В основу своего понимания истории Маркс положил борьбу классов, вытекающую из их классовых противоречий. Но в своем письме Вейдемейеру[1] Маркс сам пишет: «Что касается меня, то мне не принадлежит ни та заслуга, что я открыл существование классов в современном обществе, ни та, что я открыл их борьбу между собою. Буржуазные историки задолго до меня изложили историческое развитие этой борьбы классов, а буржуазные экономисты — экономическую анатомию классов. То, что я сделал нового, состояло в доказательстве следующего: 1) что существование классов связано лишь с определенными историческими фазами развития производства, 2) что классовая борьба необходимо ведет к диктатуре пролетариата, 3) что эта диктатура сама составляет лишь переход к уничтожению всяких классов и к обществу без классов»[2]. Другими словами, К. Маркс впервые создал революционную социологию, науку о социальной революции, почему Энгельс, а вслед за ним и Бебель, и другие социал-демократы говорили о «научном социализме».

В том же письме к Вейдемейеру Маркс говорит: «Достаточно, например, раскрыть главное произведение Рикардо чтобы на первой же странице найти следующие слова, которыми он начинает свое предисловие:

«Продукт земли, — все, что получается с ее поверхности путем соединенного приложения труда, машин и капитала, делится между тремя классами общества, а именно, между собственником земли, владельцем того фонда, или капитала который необходим для ее обработки, и рабочими, трудом которых она обрабатывается»[3]. Маркс сам подробный разбор этого понятия отложил к концу своего труда о капитале, но эта работа осталась незаконченной. «Что образует класс», — спрашивает Маркс и отвечает, «...ответ этот получится сам собой, раз мы ответим на другой вопрос: благодаря чему наемные рабочие, капиталисты и земельные собственники образуют три больших общественных класса?

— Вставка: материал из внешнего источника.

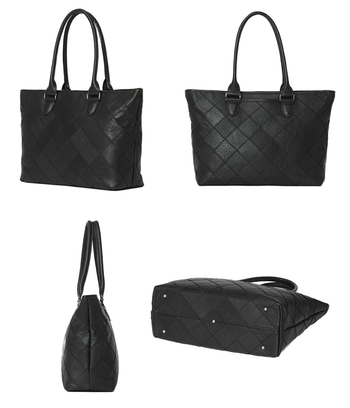 正方形にカットした1枚1枚凹凸の異なるシボ革(タンブルレザー)の組み合わせで、1点ずつ表情の異なる他にはないバッグに。

На первый взгляд, это — тождество доходов и источников дохода. Перед нами три большие общественные группы, компоненты которых — образующие их индивидуумы — живут соответственно на заработную плату, прибыль и земельную ренту, живут использованием своей рабочей силы, своего капитала и своей земельной собственности. Но с этой точки зрения, врачи и чиновники, например, образовали бы два класса, так как они принадлежат к двум различным общественным группам, причем члены каждой из этих двух групп получают свои доходы из одного и того же источника. То же было бы верно и по отношению к бесконечной раздробленности интересов и положений, создаваемой разделением общественного труда среди рабочих, как и среди капиталистов и земельных собственников, — последние делятся, например, на владельцев виноградников, пахотной земли, лесов, рудников, рыбных угодий»[4]. (Здесь обрывается рукопись III т. «Капитала».)

В вопросе о значении и развитии классов и их взаимной борьбы определенно выступают два направления: революционное, творцами и представителями которого являются Маркс и Энгельс, и контрреволюционное, проповедующее вместо социальной революции и пролетарской диктатуры всякого рода примирение классовых разногласий, начиная от чисто буржуазных представителей этого течения, вплоть до новейшего типа социалистов-предателей, на словах говорящих о классовой борьбе, но на деле ищущих примирения, коалиции и т. д. с буржуазной «демократией».

Еще американец Кэри (Carey) в своем споре против Рикардо старался доказать, что «экономические условия класса — рента (земельная собственность), прибыль (капитал) и заработная плата (наемный труд), вместо того чтобы быть условиями борьбы и антагонизма, как раз должны являться условиями объединения (ассоциации) и согласия (Harmonie)». И это направление после революции 1848 г. охватило всю буржуазию поголовно, а после революции 1917 г. и еще с 1914 г. почти всех вождей с.-д. всего мира. А события 1917 и 1914 гг. вскрыли только то, что в социал-демократии тлело и до того, и чем страдала вся марксистская литература[5], почти без исключения, а именно — революционность словесную при полнейшем внутреннем оппортунизме.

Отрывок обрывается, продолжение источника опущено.